● **Task prompt**: Using the data below, return word for word every line from the one holding "不用担心,法国科尔马市全包了" down to the one holding "A casual coord". Leave pictures out.

● **Records**:
---*---
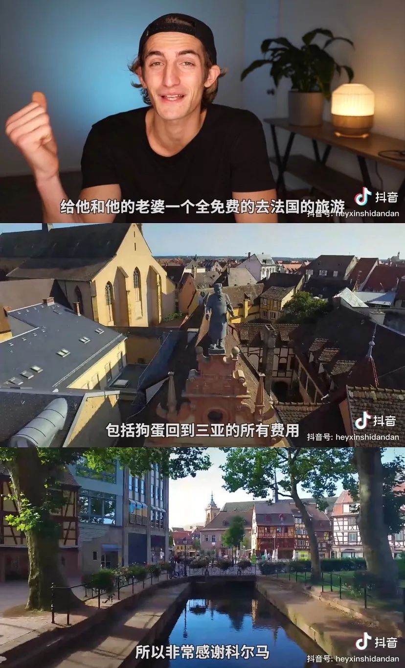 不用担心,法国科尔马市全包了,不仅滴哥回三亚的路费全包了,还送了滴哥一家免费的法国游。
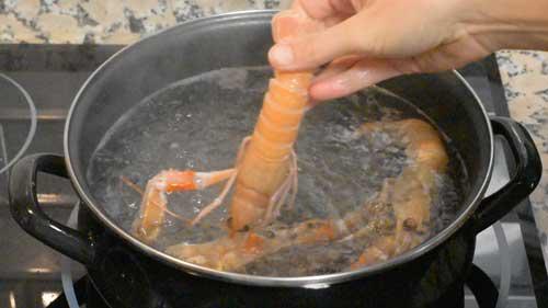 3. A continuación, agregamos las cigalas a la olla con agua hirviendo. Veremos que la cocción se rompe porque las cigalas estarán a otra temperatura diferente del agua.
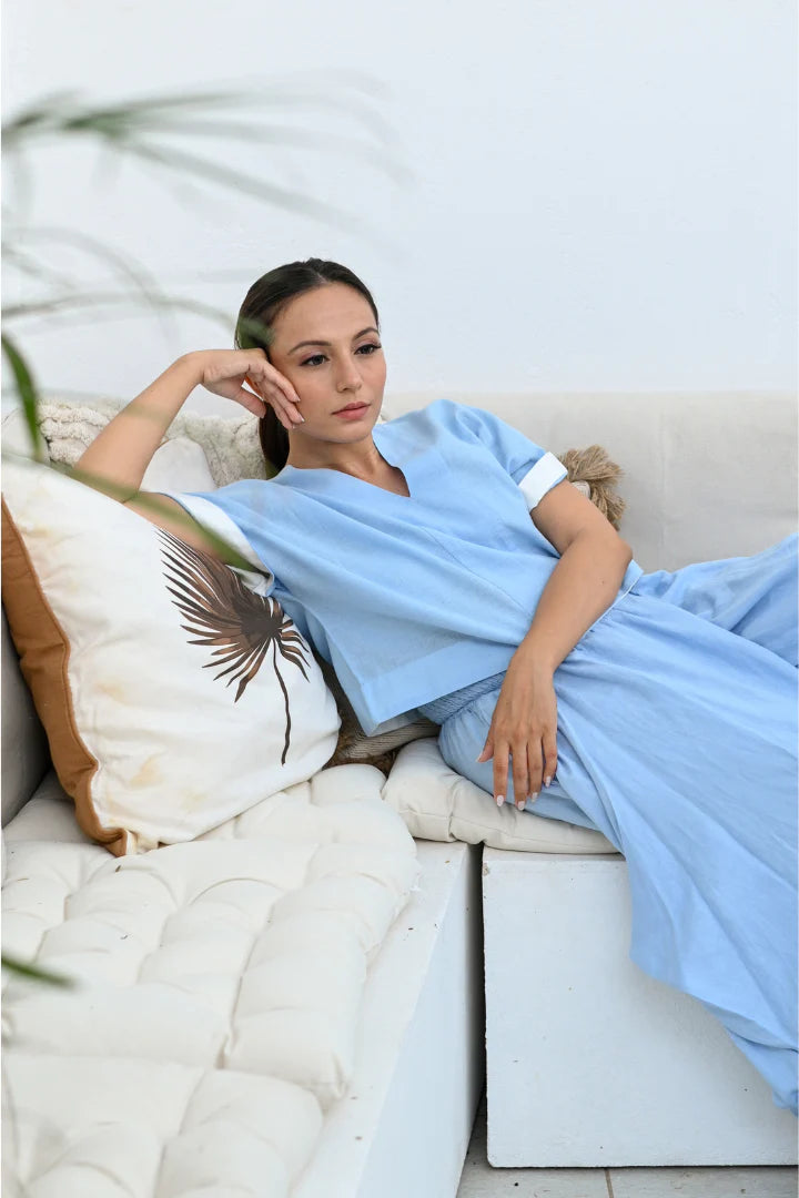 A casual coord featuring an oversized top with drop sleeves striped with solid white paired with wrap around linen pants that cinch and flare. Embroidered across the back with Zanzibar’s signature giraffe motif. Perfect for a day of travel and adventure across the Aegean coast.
---*---
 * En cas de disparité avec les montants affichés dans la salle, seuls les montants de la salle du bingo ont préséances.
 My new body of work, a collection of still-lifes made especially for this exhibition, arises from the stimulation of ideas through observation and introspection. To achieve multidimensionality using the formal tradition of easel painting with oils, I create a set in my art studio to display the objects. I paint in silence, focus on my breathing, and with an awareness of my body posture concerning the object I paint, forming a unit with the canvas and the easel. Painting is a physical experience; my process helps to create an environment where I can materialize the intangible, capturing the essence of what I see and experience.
---*---
● **Worked solution**:
 不用担心,法国科尔马市全包了,不仅滴哥回三亚的路费全包了,还送了滴哥一家免费的法国游。
 3. A continuación, agregamos las cigalas a la olla con agua hirviendo. Veremos que la cocción se rompe porque las cigalas estarán a otra temperatura diferente del agua.
 A casual coord featuring an oversized top with drop sleeves striped with solid white paired with wrap around linen pants that cinch and flare. Embroidered across the back with Zanzibar’s signature giraffe motif. Perfect for a day of travel and adventure across the Aegean coast.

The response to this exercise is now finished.